After the video went online, it created an outcry and two executives were suspended. Of course this has nothing to do with motivation. Prominent in the Confucian tradition is the idea of the five relationships. If anyone has failed it is the boss, for not doing a better job of guiding his employees.

As Business Asia One puts it succinctly: "But on the other hand, some bosses seem to be on the other end of the spectrum, choosing to reward high-performing workers in extravagant ways"

Incomprehensible
Why do scholars choose to study BDSM I always wonder. Most likely because they want to carve out a niche for themselves [1]. Well that niche is getting crowded. Three years ago Camille Paglia wrote about scholars in bondage for the chronicle of higher education. In effect it is a brief metastudy discussing the many books on the subject. Accusing various authors of getting lost feels a bit like the pot calling the kettle black. The article makes for a difficult read. [2] Sociology, gender studies or whatever. It doesn't matter whether your a sadist or a masochist. The former can order the latter to explain it to her in plain English. If the latter doesn't have a former, well reading it is still an adventure into masochism. But if you half have a brain, toss it aside.


Notes

[1] Or is it that sex sells and S&M sells 50 times better?

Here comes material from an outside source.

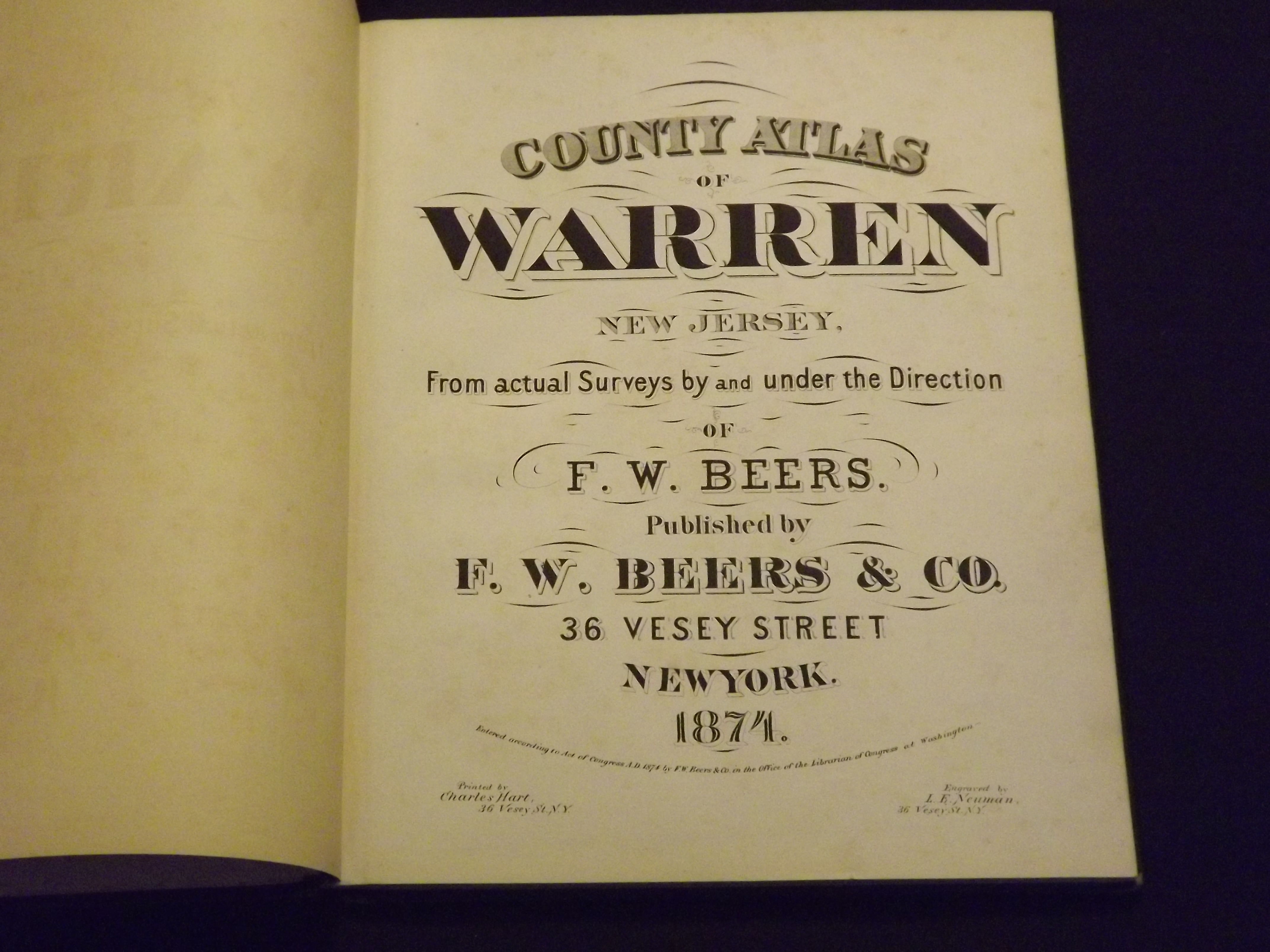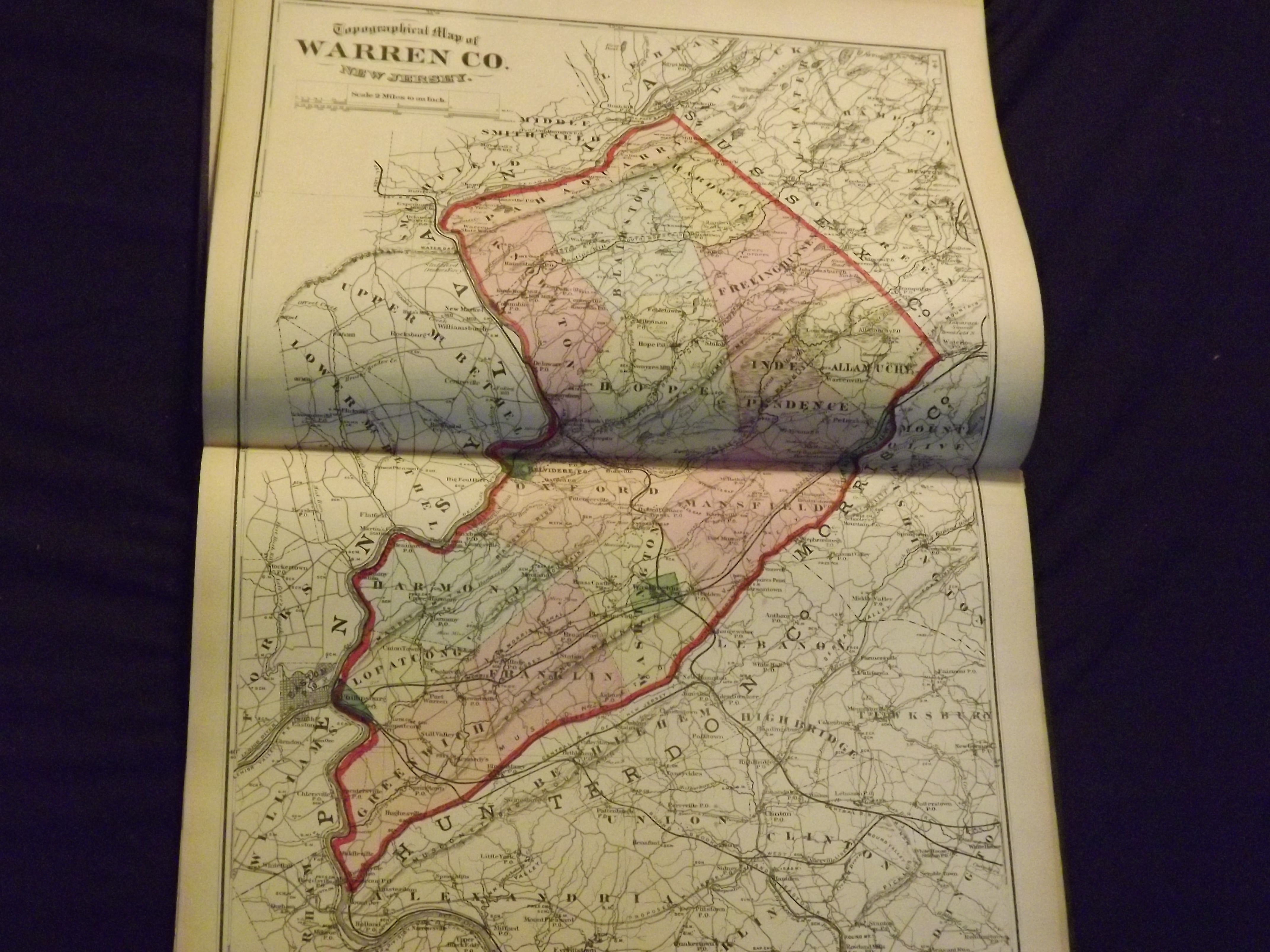 Folio, leather spine & cloth, 33 maps, 92 pp. Joints cracked, but covers still attached, some wear and tears to binding, map of Pahaquarry is loose, with some tears and damage outside margins, some discoloration extends a little into map image, one Washington map has a margin tear, all other maps, including the folding maps are in very good condition; some foxing and aging, but generally bright and clean internally. Rather rare atlas of Warren County New Jersey. Auction records indicate this atlas has come up for sale only four times in the last 25 years, and fetched over $1,000 the last time out. Includes maps of the United States, New Jersey, Warren County, along with those of Hope, Knowlton, Independence, and Hackettstown. Extra postage required.Phillips 2171

[2] "These binaries rely on the social construction of risk." And howlers: "In what follows, I unfold the thickness of such loadedness." Or this résumé of the circular thinking of Judith Butler, the long overrated doyenne of gender studies: "In Butler's work, intelligibility provides a horizon of recognition for subjectivity itself, within which all subjects are either recognizable or unrecognizable as subjects." Weiss speaks of her own "positionality" and "Foucauldian framework," but she seems unaware that Foucauldian analysis is based on Saussurean linguistics, a system of contested and indeed dubious validity for interpreting the untidy realm of physical experience. It's complicated. Told you so.